■ **REQUIRED ACTION**
For the word "Figure", return each line of the data in which it occurs.

■ **DATA TO PROCESS**
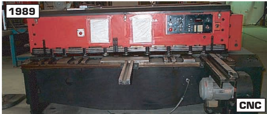
Amada CNC Mechanical Shear
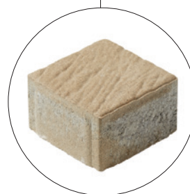
SINGLE-SIZE ACCENT PAVER WITH A UNIQUELY TEXTURED SURFACE

4x4 Stone 4 x 4" (100 x 100mm) Individually Packaged
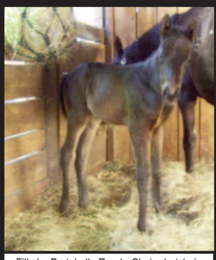
Filly by Portobello Road - Sheiswhatsheis Pat Jackson, Breeder 2/4/13
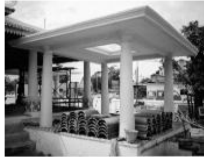
Figure 23. The pits at the mosque
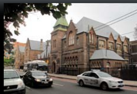
More public high school spots needed
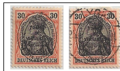
20 mint / CTO
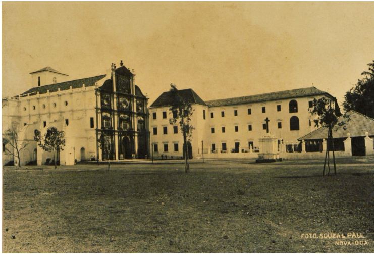
Figure 10: The Basilica of Bom Jesus (Old Goa), photographed in 1890 by Souza and Paul. Photo courtesy of Goa State Central Library.

of Xavier’s feast day, as well as a decadal exposition of his sacred remains. These events draw large crowds of Goans, an occurrence that Kandolkar declares,

■ **ANSWER SECTION**
Figure 23. The pits at the mosque
Figure 10: The Basilica of Bom Jesus (Old Goa), photographed in 1890 by Souza and Paul. Photo courtesy of Goa State Central Library.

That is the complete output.